Its been just over a week since we have returned from our trip and I am constantly thinking about Uganda.  I always have these little flash backs of certain parts of our trip, whether it is an interview, one of the many bus rides we took, or interacting with the children that we saw. 

It has been hard for me to come back and try to live the life that I did before I left just three weeks ago.  I have become a lot more self-conscious and aware of what I say and how I carry myself in day to day activities now.  I have been trying to take the words need and want out of my vocabulary because I feel that I no longer need to have anything and I shouldn’t want anything more than what I already have.  I don’t need to go out and buy new things for myself because what I have is good enough.  
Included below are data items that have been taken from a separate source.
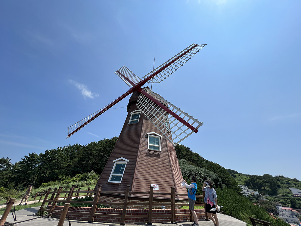 사실, 바람의 쉼터까지 걸어가더라도 막상 그곳에서 볼 수 있는 풍경은 바람의 언덕에서 내려다 보는 풍경과 큰 차이가 없어 사진을 유별나게 많이 찍지는 않았다. 바람의 쉼터에서 다시 다리를 건너 도장포 마을로 가는 길에 바람의 언덕에 놓인 풍차가 보여 각을 잘 조절하면 좋은 사진을 건질 수도 있지만, 여긴 직접 눈으로 보는 것이 훨씬 좋았다.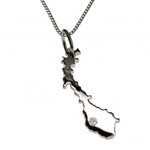 50cm Kette + Palästina mit Brillant am Wunschort in 925 Silber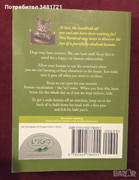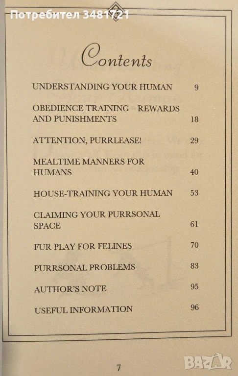 "Кучетата имат собственици и господари, ние, котките, имаме прислуга." Това е стилът на тази книга. С много хумор, тя представя правилата, по които домашната котка трябва да се води, за да създаде подходящите и комфортни за себе си навици у останалите членове на домакинството. Как да ги тренираш да ти дават само прясна храна? Как да ги отучиш да добавят ароматизатори в котешката тоалетна? Защо всичко, което не е заковано, спада към категорията "играчки за котки" и защо ако чуеш думата "бълхи" трябва да бягаш през глава, за да избегнеш това, което предстои.

However, tonight I went out to purchase a new shirt for work and it took everything in me to buy the shirt that was around ten dollars because I knew that it is not something that I needed to have because I could have very well continued going to work in my other shirt that I already had at home.  When I was at the store tonight, I was thinking of the quote that we talked about during our trip, “live simply so others can simply live.”  That quote says so much about how I feel after going to Uganda because it makes me feel sick that people in America take everything for granted and want more and more everyday.  There is no pleasing us because we live in a place where anything is attainable and if we want it, we will get it.  However, thats not the case with the people of Uganda and I remind myself of that every day so I don’t go back to being the way that I was before I left; a person who took everything for granted.  Needless to say, it really bothered me that I could go and buy a shirt from Old Navy whenever I wanted and the people of Uganda can hardly afford anything.  

On a somewhat lighter note, the editing processing is slowly but surely coming along.  We have put together two rough cuts of everything so far and it looks as if everything is falling into place.  Granted all of us getting tired and maybe even a little cranky, I know that in the end, it will all have been worth it.